My mum is incredibly tech savvy. I mean, it’s almost unreal of how she can troubleshoot and get things to work. Whether it’s something simple like steaming content or something complex as troubleshooting why her Android tablet wouldn’t cast to our Android TV. My sister tried really hard to get her to switch to Apple products but my mum’s a bit stubborn about her Android tech. She’s always like “nah, I am just more comfortable with the Android phone and tablet. It lets me do what I want”. Yes, that’s my mum, the woman who grew up without any technology. Anyway, she’s visiting me now and at some point, I had to explain why some websites have https in the url. In this post, I will talk about how to explain HTTPS to a non-technical person.

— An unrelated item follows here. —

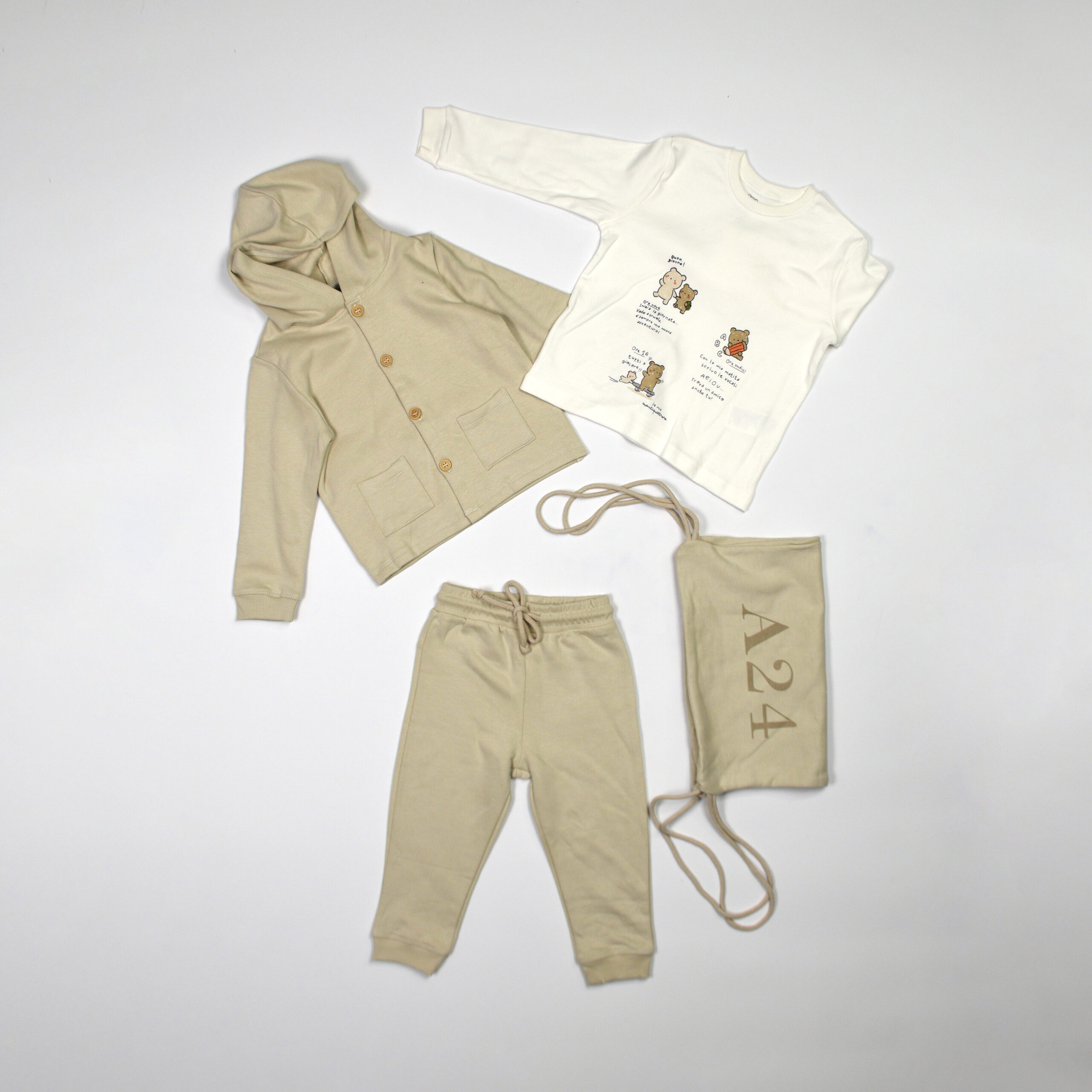 Completo in cotone firmato A24, composto da felpa con cappuccio e bottoni in legno, pantaloni jogger con coulisse e t-shirt bianca a manica lunga con stampa tenera a tema orsetti. Inclusa la pratica sacca coordinata con logo.

Ever since my sister and I moved out of home my mum had no choice but to get technical. If asked, she would reply by saying “I love my children and I want to talk to them, so I have to learn how to use these things”. She has a typical hacker mindset i.e. if this doesn’t work, let’s try this, this or that. All her knowledge is a result of her experimenting with stuff and trying a bunch of hacks till something works.
Anyway, about me trying to explain HTTPS I maybe a native English speaker but she isn’t! Hence, I had to explain things to her using our language from India. Hence, in this post, I will try my best to translate it all to English.
Now to understand, HTTPS, I reckon it’s best we talk a little bit about HTTP first.
Ohh yes, the HTTP protocol 🙂 I have some fond memories of this learning about it in my networking class 10+ years ago. The bit about Tim Berners-Lee and his team at CERN, making magic happen…ahh all good stuff!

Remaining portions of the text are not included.